第1863話 ■改めるに遅きはないが、こっそりすぎる

 私もよく、誤字・脱字を日常的に生み出している。リリースする前に何度か読み返せば良さそうなものだが、根がせっかちなもんで、なかなかそうもいかない。その上、一旦気になりだすと、急に臆病風に吹かれて、メールでさえ送信ボタンが押せなくなってしまう。「後はご愛嬌!」と五十のオヤジには似合わないおまじないを唱えながら、えいっ!と送信ボタンを押すしかない。

 所詮、自分がリリースする文章なんぞ、それほど多くの人が読んでいるわけでもないので、後からこっそり直してしまうこともしばしば。しかし、気が付いている人がいそうなものだが、意外に教えてくれる人は少ない。

 私の場合、逆に他人の文章を校正するときなんか、すぐに変な箇所を見つけてしまう。誤字脱字に誤変換などなど。もちろん、変な日本語のチェックも容赦しない。あまりものその勢いに、「その気になれば、間違っている箇所がブリンク(点滅)して見えてくる」と、うそぶいたこともある。

 さて、新聞や雑誌となるとこの校正も相当大変なんだと思う。一方で、新聞社のWebサイトは新聞社といえども、このあたりが複数人でチェックしているのかどうか、元原稿の校正はされているのだろうけど、実際にWebサイトのデータにするにあたって、一部はキーボードを叩くのだろう。そしてその部分のチェックが甘く、リリースされているような気がする。

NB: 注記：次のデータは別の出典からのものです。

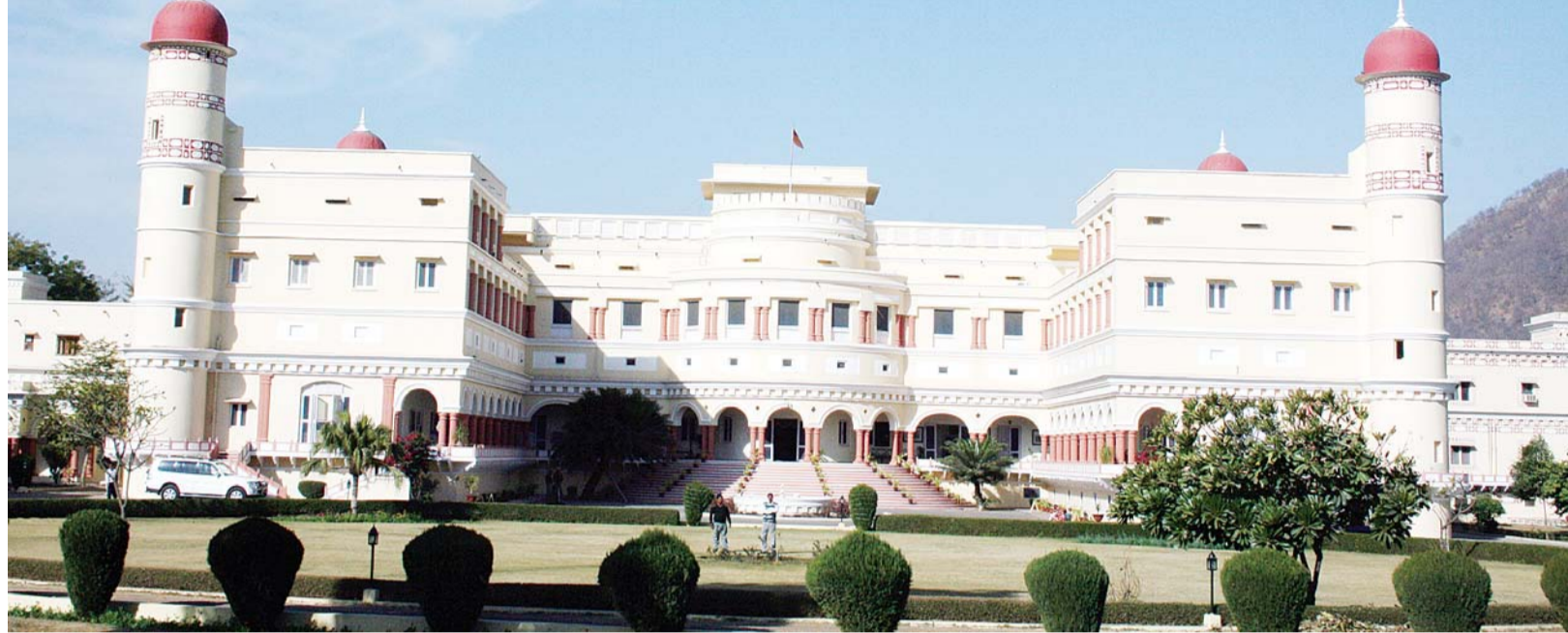
Sariska Palace, where large part of the film shooting was done.
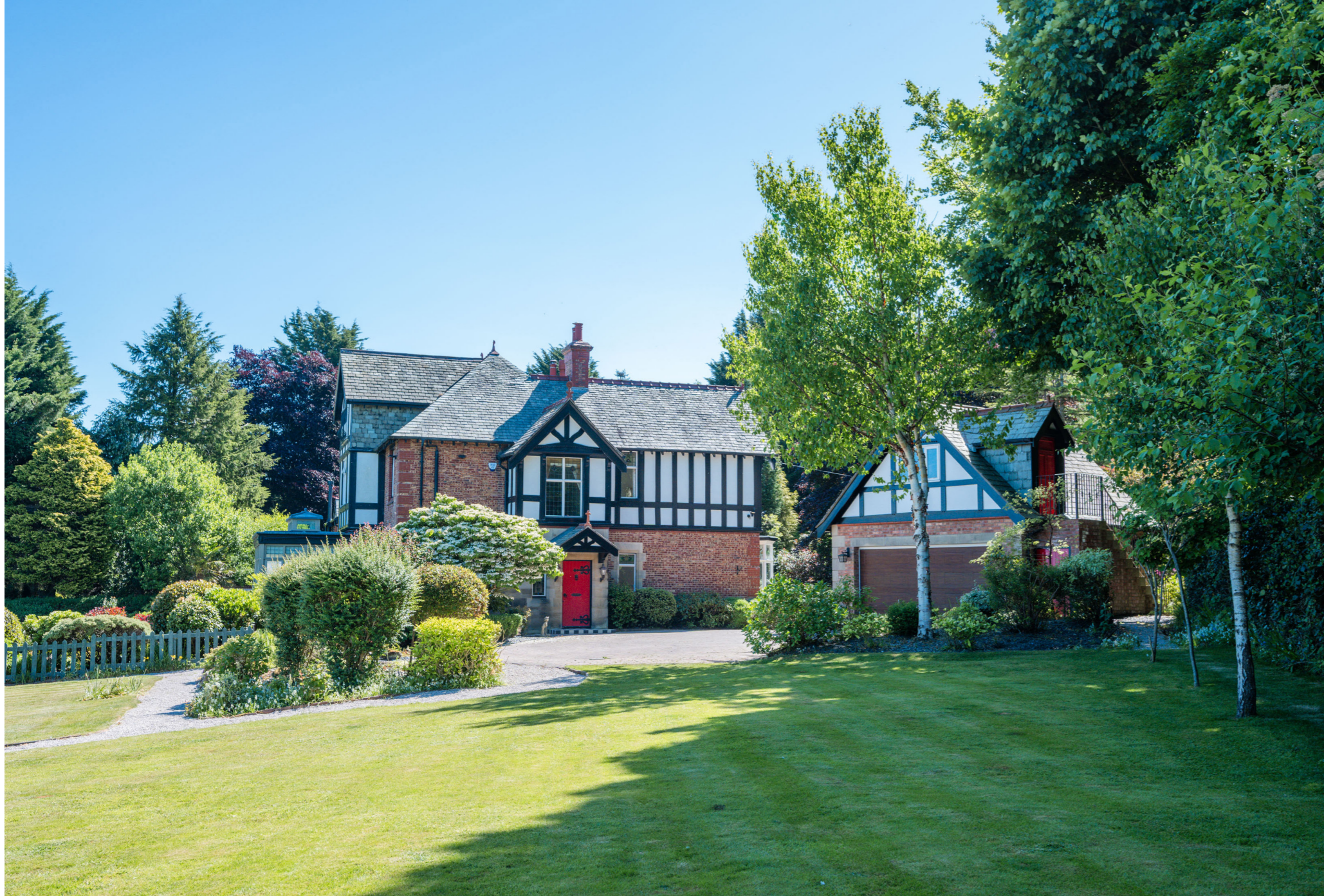
The Dawn, Dark Lane

 例えば先日の某地方紙のWebサイトに「2016 衆院選」という見出しが出ていた。Webサイトの仕事をしている人がニュース全体に詳しい必要はないだろうが、今やっている選挙が果たしてどっちかくらいは、ちゃんと分かっていないと、と思う(「参院選」が正しい)。コピペの直し忘れか?。そしてさっき(原稿執筆時点)は朝日新聞のトップページで「藤原寛美」という表記があった。もちろん、「藤山寛美」が正しい。

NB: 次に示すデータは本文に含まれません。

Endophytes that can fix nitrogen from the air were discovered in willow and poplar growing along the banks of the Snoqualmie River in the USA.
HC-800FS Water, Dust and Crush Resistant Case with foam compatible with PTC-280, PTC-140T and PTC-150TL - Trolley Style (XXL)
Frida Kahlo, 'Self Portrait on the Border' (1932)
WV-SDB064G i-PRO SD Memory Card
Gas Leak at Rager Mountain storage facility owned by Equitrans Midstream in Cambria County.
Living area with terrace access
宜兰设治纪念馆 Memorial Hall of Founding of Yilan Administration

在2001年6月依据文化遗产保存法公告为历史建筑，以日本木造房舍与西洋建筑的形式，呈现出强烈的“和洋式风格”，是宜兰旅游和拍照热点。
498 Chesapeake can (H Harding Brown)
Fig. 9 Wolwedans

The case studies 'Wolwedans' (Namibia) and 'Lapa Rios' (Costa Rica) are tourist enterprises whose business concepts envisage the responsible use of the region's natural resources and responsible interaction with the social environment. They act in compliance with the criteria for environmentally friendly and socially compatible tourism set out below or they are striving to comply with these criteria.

 さっきの2つ例はすかさず、そのサイト内の問い合わせフォームからメッセージを送ったら、しばらく後にその内容はこっそりと修正されていた。ただ、「ありがとうございました」とすら、返事も来ない。ラジオ番組宛に言葉の誤用の指摘をしたこともあったけど、これは無視され、間違った日本語がポッドキャストで、しばらく流れていた。どうやらメディアはそんな文化らしい。